If we accept that the optima for these NK-landscapes have essentially reached a minimum when K > 6, then we can examine how this minimum vanes with N by examining only the optima at K = N − 1. Figure 3 presents the average global optima for 30 random problems at K = N − 1 for the range 10 ≤ N ≤ 25. The values of N are shown on the X-axis. And a linear regression line, with a general downward trend3 and a correlation coefficient of 0.91, has been inserted. This observation is consistent with the Smith and Smith [12] finding of a correlation between N and best average fitnesses in NK-landscapes.

f03-03-9781558607347
Figure 3 Average global optima for 30 random NK-landscapes when K = N − 1 for 10 ≤ N ≤ 25. Error bars represent 2 * SEM.

4 NK NICHES

Comparing algorithm performances on NK-landscape functions where the optima are known, although useful, limits us to small N problems where exhaustive search is still practical. One of the contributions of Heckendorn, et al. [7] was that they made their comparisons for N = 100, a much larger value of N than used in most other studies. As a starting point for extending the comparisons made by Heckendorn, et al. for larger N problems, we performed independent verification experiments. We tested CHC using the HUX and 2X recombination operators, as well as RBC, RBC + and random search on NK-landscapes where N = 100, generating thirty random problems for each value of K tested.4 We tested all values for K in the range 0 ≤ K ≤ 20, values in increments of 5 for the range 25 ≤ K ≤ 95, and K = 99. The total number of trials allowed for each experiment was 200,000. Figure 4 shows the results of our verification experiments and the behavior of random search. Figure 4 exhibits the same properties as those observed by Heckendorn, et al., and shown in Figure 1.

f03-04-9781558607347
Figure 4 Average best performances of CHC-HUX, RBC +, random search, and CHC-2X on 30 random NK-landscape problems where N = 100. Error bars represent 2 * SEM.

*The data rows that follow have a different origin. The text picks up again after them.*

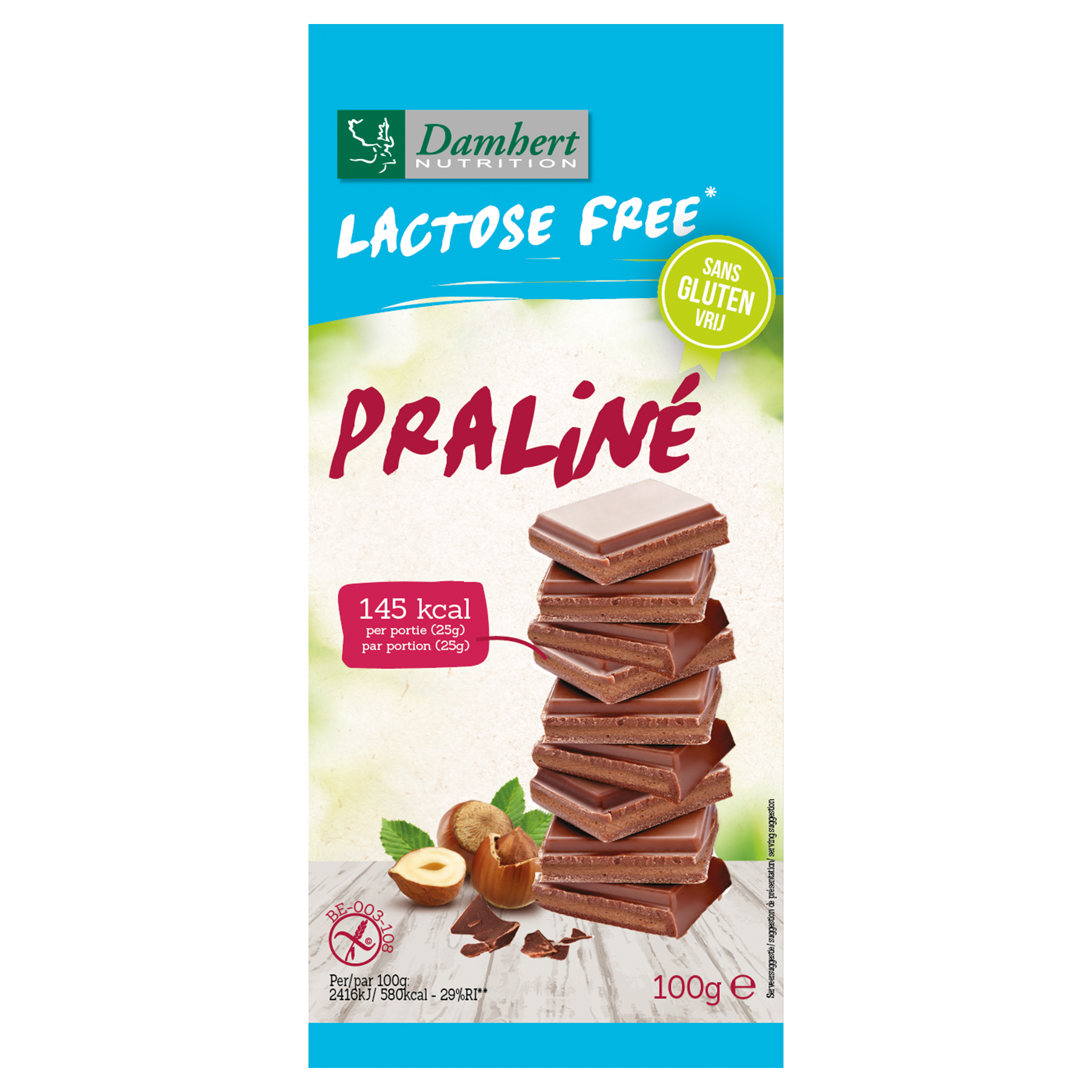 Damhert Lactose Free chocoladetablet praline glutenvrij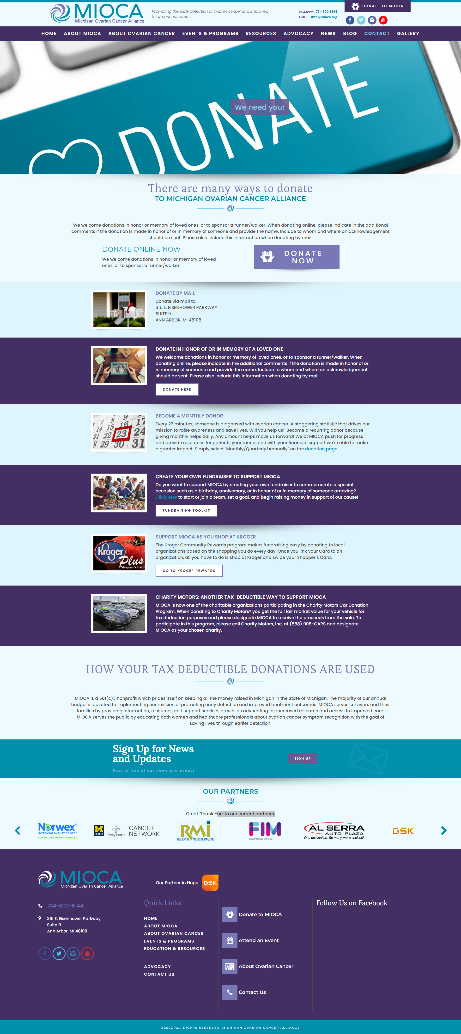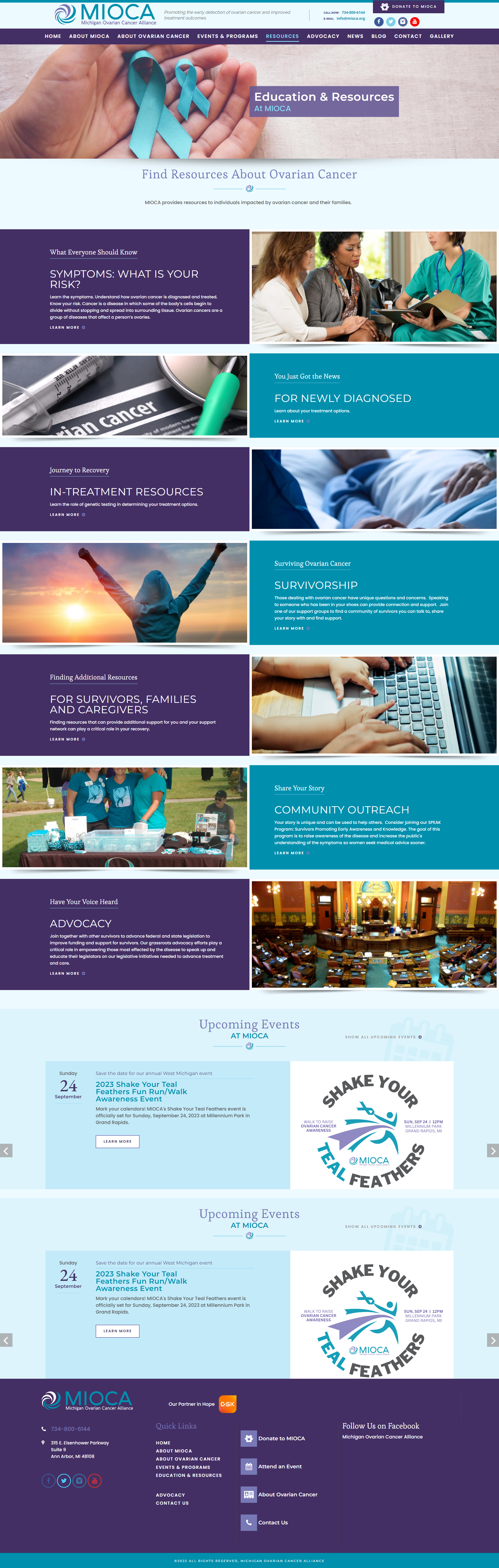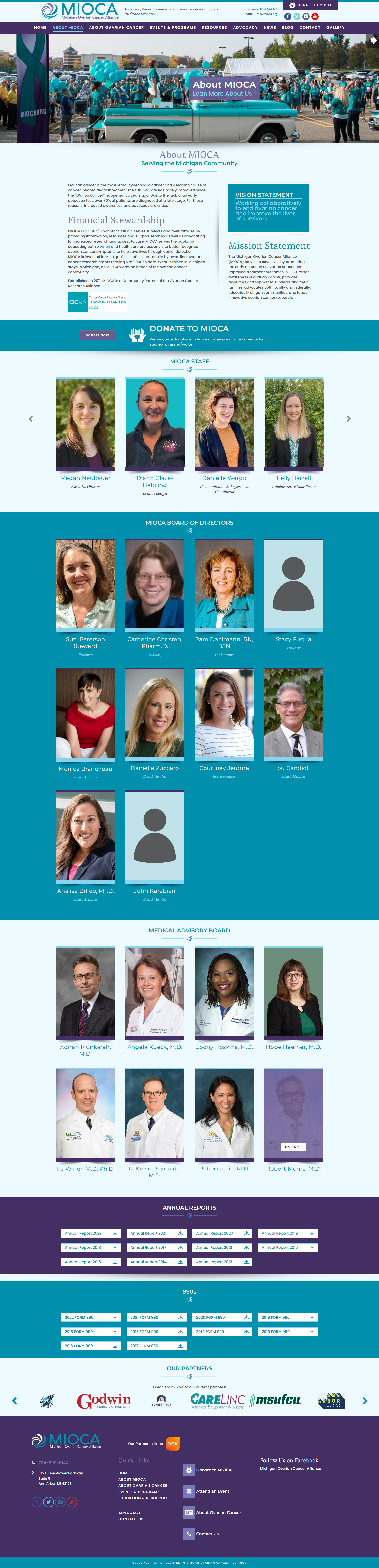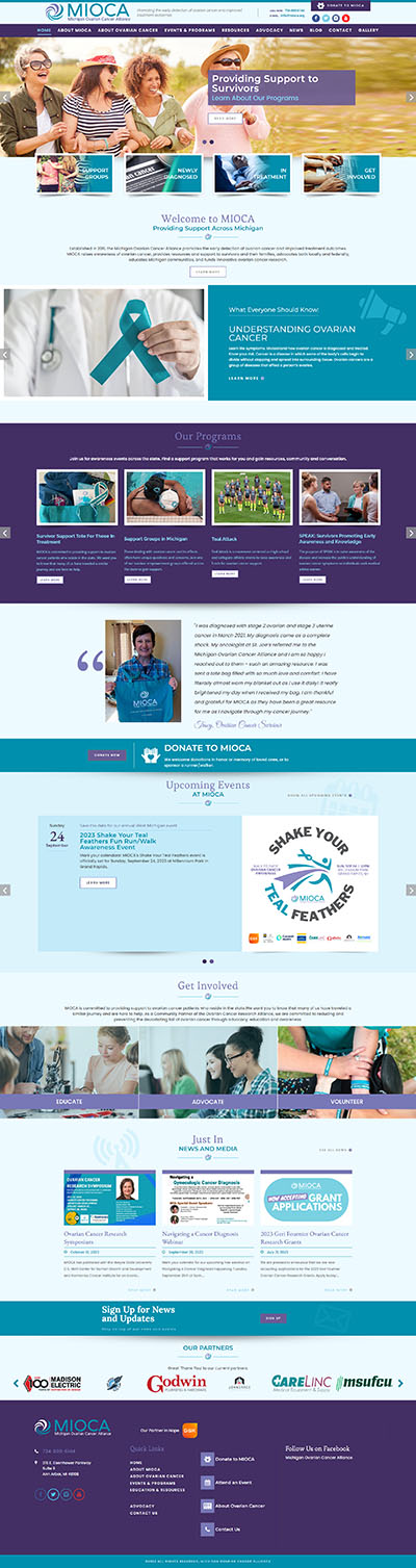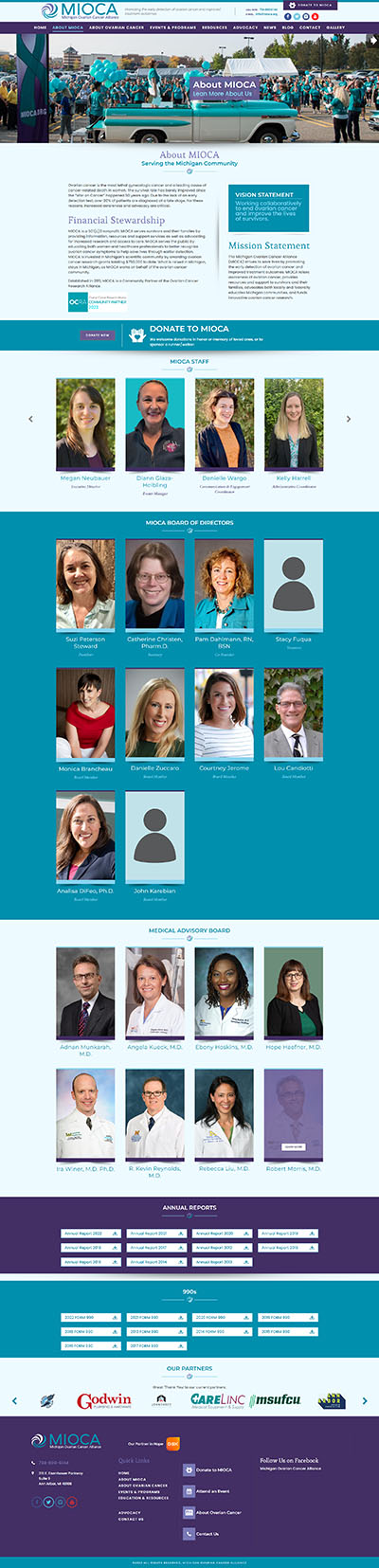 Фонд Michigan Ovarian Cancer Alliance (MIOCA) обучает женщин и медицинских работников лучше распознавать симптомы рака яичников, чтобы помочь спасти жизни за счет раннего обнаружения. MIOCA инвестирует средства фонда в научное сообщество Мичигана, награждая грантами за исследования в области рака. На момент запуска сайта (2021-й год), сумма выданных грантов составляла более $750 000.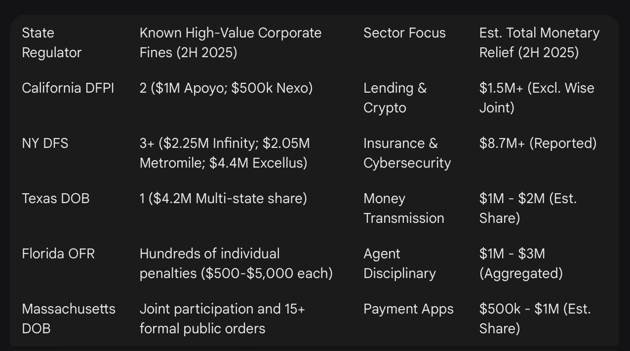 Analysis: Here’s a quick table that shows some of the key fines and penalties across some of the larger state regulators in 2H 2025: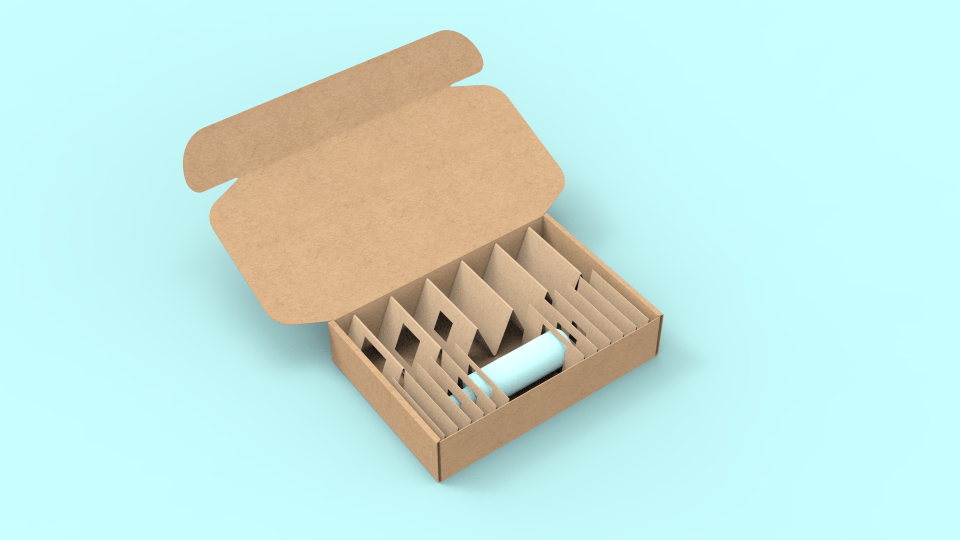 Nové řešení expediční krabice pro firmu Manufakturu, využívající papírového doplňku k uzamčení přepravovaného produktu a zvýšení kultury e-shopového obalu.

Figure 4 shows that when N = 100, the performance of each of the algorithms becomes indistinguishable from random search at some point. CHC-HUX is the first to do so (at K = 20). Figure 4 also shows that CHC-HUX performs better than RBC + in the region 1 ≤ K ≤ 7 but the performance of CHC-HUX is better than RBC + by more than two standard errors only in the region 4 ≤ K ≤ 7.5 Furthermore, it is interesting to note that the N = 100 problems axe surprisingly difficult even for low values of K. For example, none of the algorithms tested can consistently locate the same best solution in 30 repetitions of the same problem for most of the K = 2 problems generated.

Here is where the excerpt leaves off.